After World War I, however, Quakerism returned there when Friends from abroad came to play a part in the recovery from the ravages of war. Subjected to the blockade of the victorious powers during and after the fighting, the civilian population of Germany suffered from severe hunger. At this time the Quaker aid organizations set out to organize transports of food for Germany. In doing so they followed the principle that every person in need has to be helped, whether friend or foe. In England, this earned the Quakers the hostile label of "Hun-lovers." In Germany, children were most seriously at risk of starvation. In 1920 English and North American Quaker aid organizations started a feeding program for children. Every day in school up to a million German children received a warm meal and some bread and milk. This saved them from undernourishment, illness and death. Quäkerspeisung—"Quaker food" —became an established expression in Germany. The shipping label for the school food bore the following note: "To the children of Germany! A friendly greeting brought to you from the Religious Society of Friends, which for 250 years, and even during the recently ended World War, has adhered to the principle that only love and the desire to help, rather than war and violence, can bring peace and happiness to humanity."

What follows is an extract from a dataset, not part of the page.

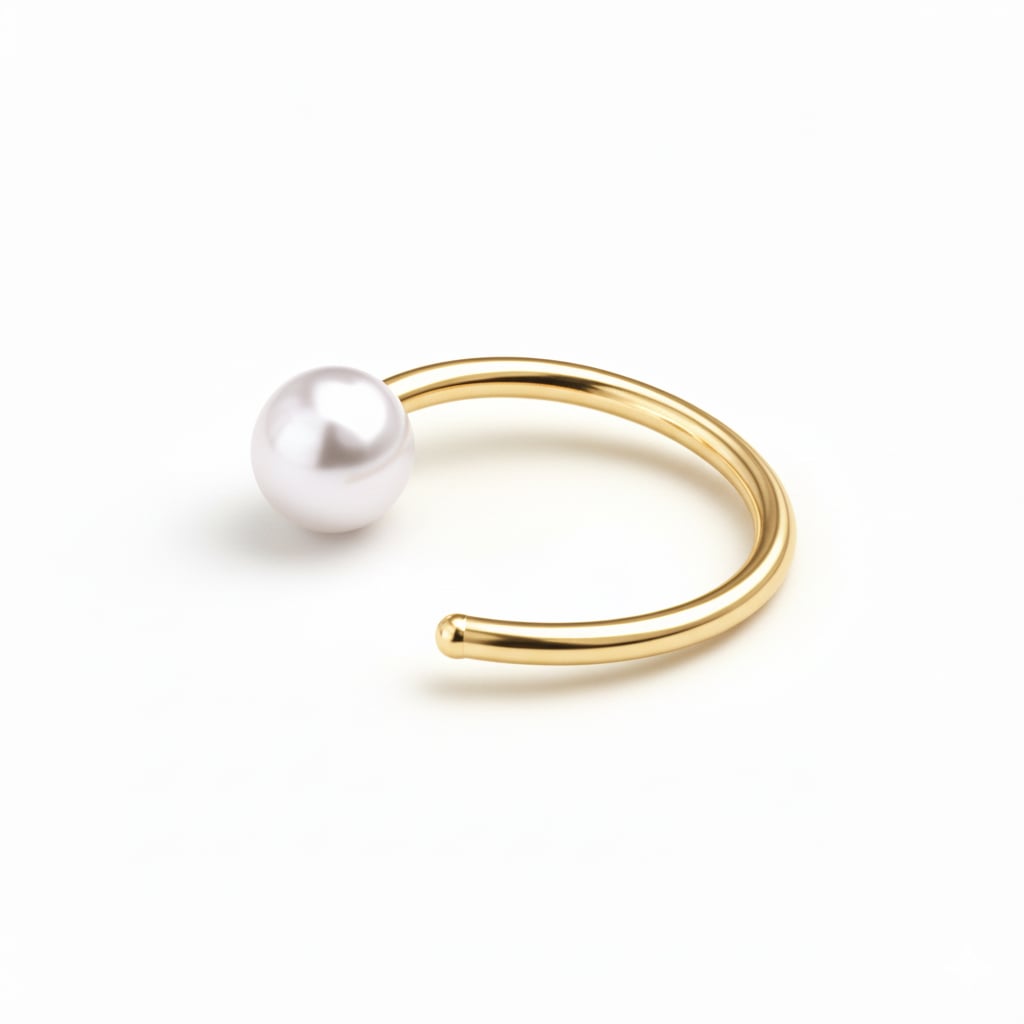 The pearl titanium open hoop brings an easy switch to your ear lineup. A single pearl sits at the end of the curve, giving you a softer look without trying too hard. To wear it, guide the open end through your lobe and rotate it forward until it sits comfortably. You can wear it on your lower or upper lobe, and stack it whenever you feel like mixing things up.

The feeding of the children made some Germans curious to find out about the Quakers. "But taking to the streets and proselytizing, that we don’t do. It’s not our way," Gisela Faust, an 85-year-old German Quaker, says emphatically. Even without missionary activity, enough people felt attracted by Quakerism so that in 1923 the Religious Society of Friends in Germany was founded. With a few hundred members in all of Germany, this always remained a very small group—but it was extremely active and achieved many things.

It was above all during the years of National Socialism that the Quakers stood up for the rights of the persecuted. The Quaker community in Germany had always been international. In its Berlin office Germans worked side by side with U.S. and English citizens. As the repression of Jews and the Nazis’ political opponents worsened, U.S. Friends were able to visit persecuted persons in prisons and to negotiate easier conditions or even releases. In the concentration camps many prisoners perceived a last glimmer of hope if their case was known to the Quakers.

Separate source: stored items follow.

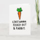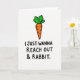 This card shows a bright orange carrot centered near the top, outlined in thick black lines with a leafy green top that fans out like a friendly wave. Beneath it, a big, simple all-caps message reads “I JUST WANNA REACH OUT & RABBIT,” set in black letters that feel like a cheeky note passed between close friends. The pun links the carrot above to an unseen bunny, and it adds a flirty, “thinking of you” tone without needing extra characters 🐰. The layout stays open and airy on a white background, so the carrot and text sit apart with plenty of breathing room. The carrot’s tapered shape points downward toward the words, guiding your eye as if the picture is reaching out to the line below. The contrast between the warm orange and the crisp black lettering makes the message easy to spot at a glance. A tiny touch of spring comes through in the fresh green leaves, like a hint of 🌷. The background remains plain white, with the carrot at the top and the black text stacked neatly underneath.
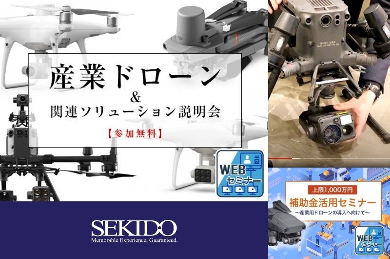 日本初のDJI正規販売代理店である株式会社セキド(本社:東京都港区、代表取締役:⼤下貴之)では、2022年11月24日(木)13時より「【WEBセミナー】産業ドローン&関連ソリューション無料説明会」を開催いたします。ドローンと搭載されるカメラや散布装置などの性能が向上し、業務効率改善や安全を目的として調査点検から測量、防災、農薬散布など様々な現場への導入が進む産業用ドローンについて、各製品の機能や特徴を事例を交えてわかりやすくご紹介いたします。
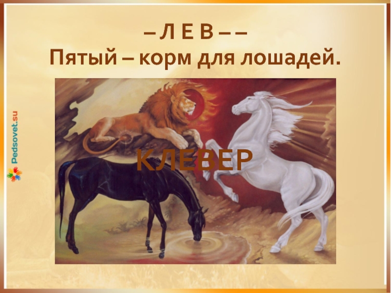 Слайд 6– Л Е В – – Пятый – корм для лошадей.

Although the international Quaker office in Berlin had been an important place of refuge for the persecuted ever since 1933, the situation took a dramatic turn for the worse after the night of the pogrom (Kristallnacht) of November 9, 1938. As Gisela Faust reports, "After that, people stood in line in front of the Quaker office near the Friedrichstrasse station, because everyone realized that the only hope was to try to emigrate at the last minute." The international Quaker office in Berlin worked on behalf of Jewish people who were not affiliated with a Jewish congregation, and also some of the political refugees. They were able at the last minute to evacuate ten thousand Jewish children to England in the so-called Kindertransporte. Quaker families in England and the United States took in the children.

Once the war started, it became totally impossible for the Quaker office to help the persecuted escape. The English workers at the office had to leave Germany at the beginning of hostilities, and the U.S. workers left when the United States entered the war. Now only the German office workers were left, but their possibilities for providing help were extremely limited.

Some of the Quakers secretly hid Jews. For resistance fighters of all stripes also the "Friends" were important contact persons because of their impartiality and their discretion. A number of them were arrested by the Gestapo and paid with their lives. It is astonishing to note, however, that as an institution the Quakers were never outlawed. The Protestant pastor Franz von Hammerstein lists the possible reasons for this: "The Quakers were trustworthy. Their readiness to help, and help even people who were not actually their friends, left a great impression and smoothed paths— even with the Nazis. Not only did they not send the Quakers to the camps but astoundingly allowed them to keep working." Many Nazis remembered the Quakers from their childhood and the program of feeding the children. This now protected the Quakers. In addition they were seen as a possible bridge to foreign contacts. This is why the German Foreign Office successfully argued for the continued existence of the Religious Society of Friends.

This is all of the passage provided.